Monday, February 21, 2022

Parallel Mothers: History refuses to shut its mouth

Lots to love in 'Parallel Mothers'/'Madres Paralelas' (2021), the latest Pedro Almodóvar film.



One plot thread concerns the uncovering of a mass grave for victims of Franco's fascist forces, very much a live issue in Spain where The Association for the Recovery of Historical Memory (which features in the film) has been leading the movement to uncover the stories, and physical remains, 'of thousands of civilians executed during the 1936-39 Civil War and the 1939-75 Franco regime. It is estimated that 200,000 men and women were killed in extrajudicial executions during the War, and another 20,000 Republicans murdered by the regime in the post-war years. Thousands more died as a result of bombings, and in prisons and concentration camps'.

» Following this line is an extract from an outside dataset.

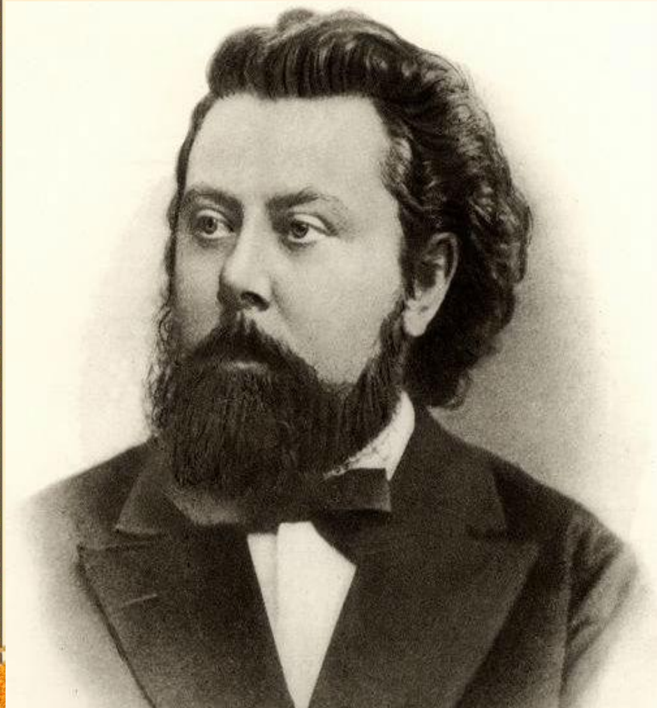
Виктор Александрович Гартман (1834- 1873) русский архитектор

The film finishes with a quote on screen from the Uruguayan writer Eduardo Galeano

'No history is mute. No matter how much they burn it, break it, and lie about it, human history refuses to shut its mouth'.

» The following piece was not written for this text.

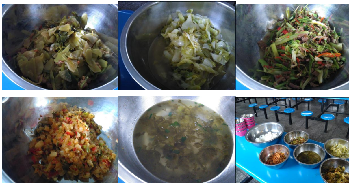
图 7 学校午餐食品情况组图

The quote in its wider context is as follows:

'Does history repeat itself? Or are the repetitions only penance for those who are incapable of listening to it? No history is mute. No matter how much they burn it, break it, and lie about it, human history refuses to shut its mouth. Despite deafness and ignorance, the time that was continues to tick inside the time that is. The right to remember does not figure among the human rights consecrated by the United Nations, but now more than ever we must insist on it and act on it. Not to repeat the past but to keep it from being repeated. Not to make us ventriloquists for the dead but to allow us to speak with voices that are not condemned to echo perpetually with stupidity and misfortune. When it is truly alive, memory doesn’t contemplate history, it invites us to make it' (Eduardo Galeano, Upside Down: A Primer for the Looking-glass World, New York: Picador, 1998, p. 210).